DATA FOR THE TASK ▸

---

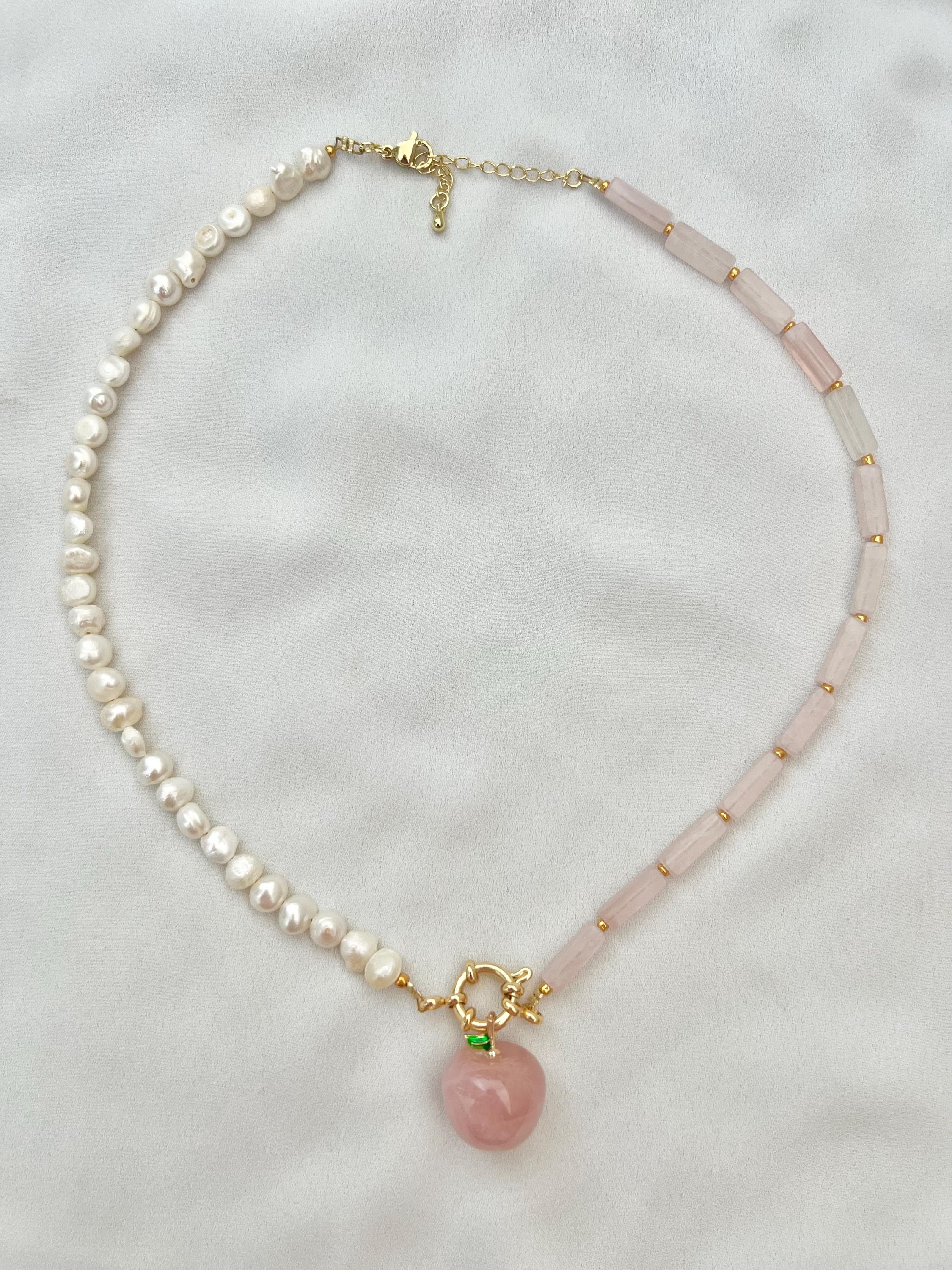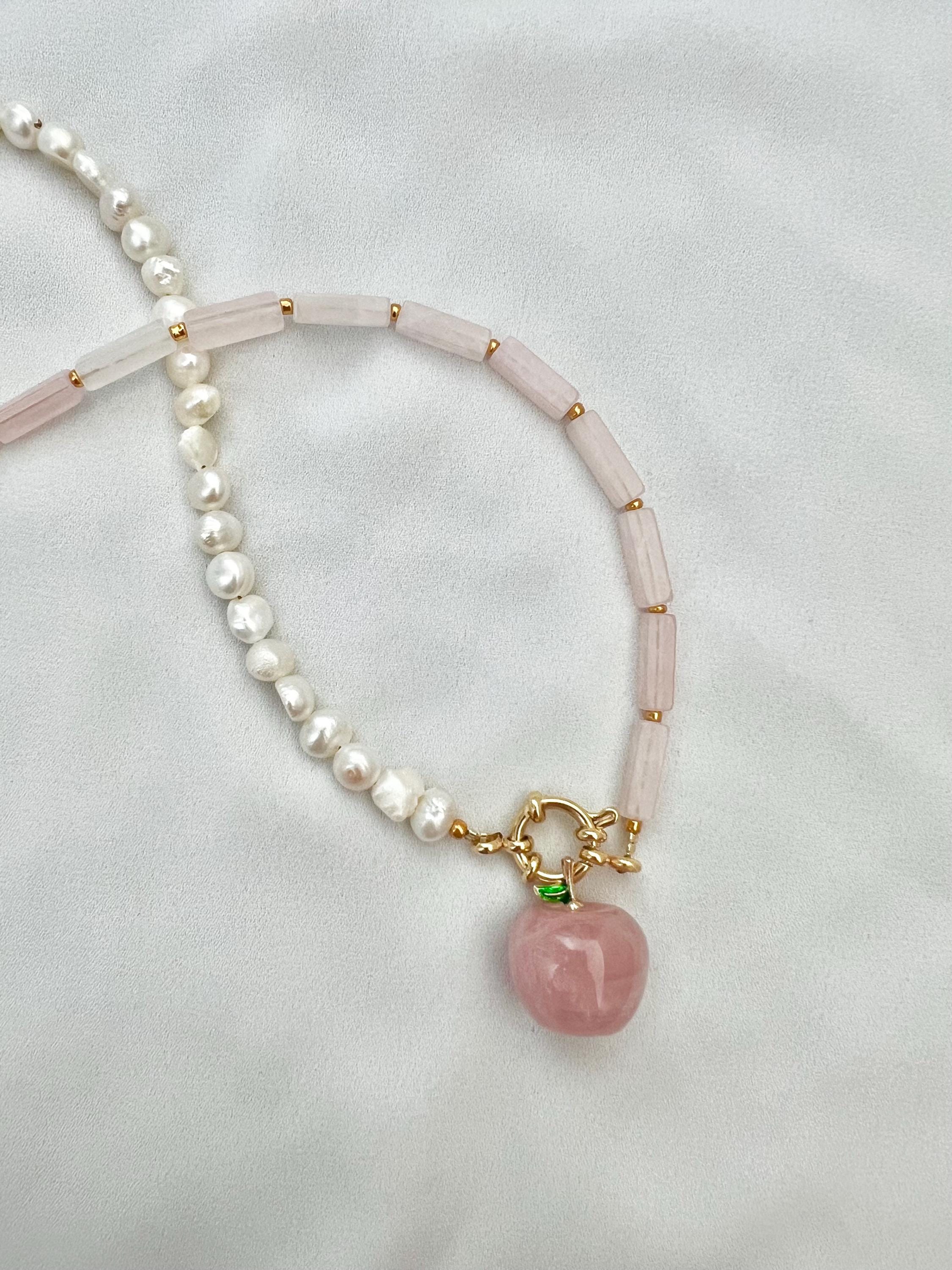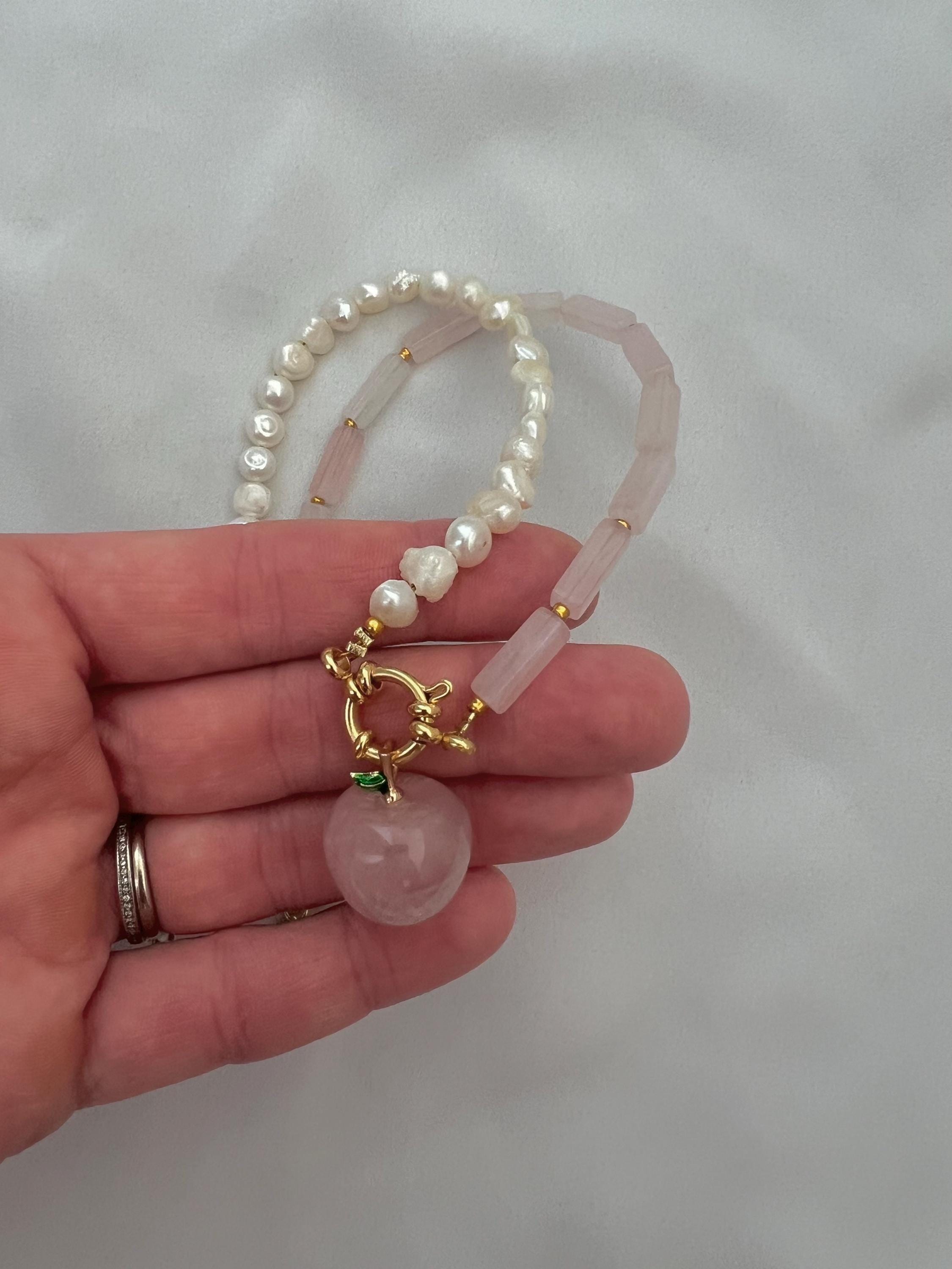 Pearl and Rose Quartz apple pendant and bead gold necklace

---

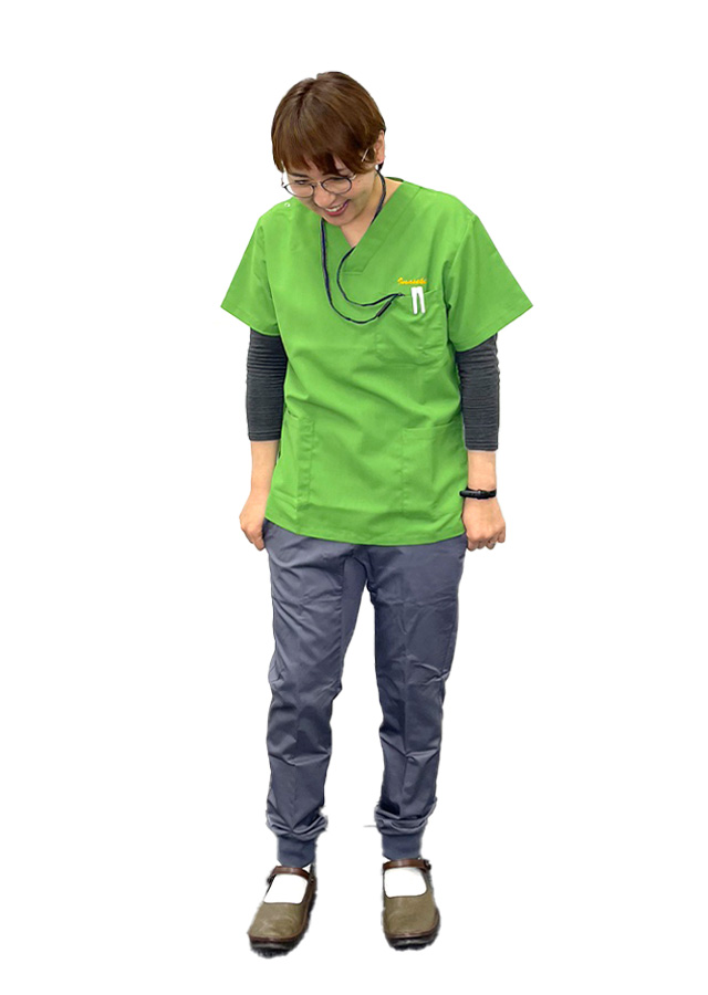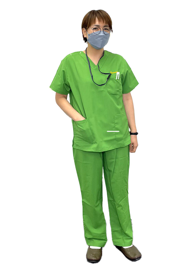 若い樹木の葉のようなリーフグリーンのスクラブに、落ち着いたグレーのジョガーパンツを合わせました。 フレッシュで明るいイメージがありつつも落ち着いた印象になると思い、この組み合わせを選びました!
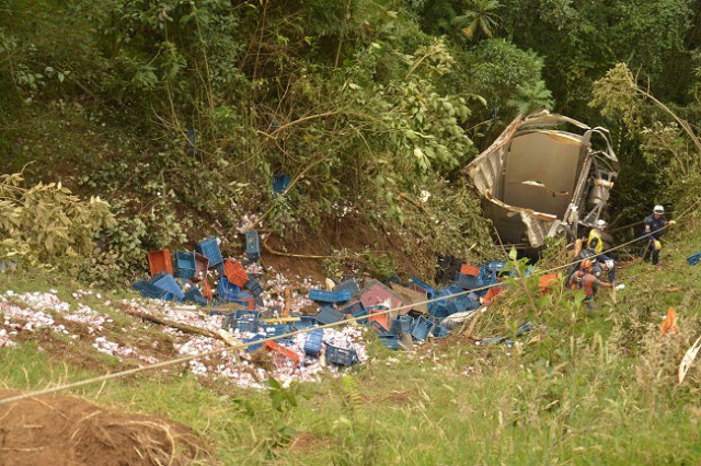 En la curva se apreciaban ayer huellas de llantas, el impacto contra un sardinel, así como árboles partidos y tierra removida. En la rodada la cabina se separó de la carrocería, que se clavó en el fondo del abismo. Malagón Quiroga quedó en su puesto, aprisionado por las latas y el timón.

---

BRIEF ▸ Though the entries above contain pictures, none should be copied; reproduce only the lines between the one holding "若い樹木の葉のようなリーフグ" and the one holding "En la curva", inclusive, exactly as written.

REPLY TO THE TASK ▸
 若い樹木の葉のようなリーフグリーンのスクラブに、落ち着いたグレーのジョガーパンツを合わせました。 フレッシュで明るいイメージがありつつも落ち着いた印象になると思い、この組み合わせを選びました!
 En la curva se apreciaban ayer huellas de llantas, el impacto contra un sardinel, así como árboles partidos y tierra removida. En la rodada la cabina se separó de la carrocería, que se clavó en el fondo del abismo. Malagón Quiroga quedó en su puesto, aprisionado por las latas y el timón.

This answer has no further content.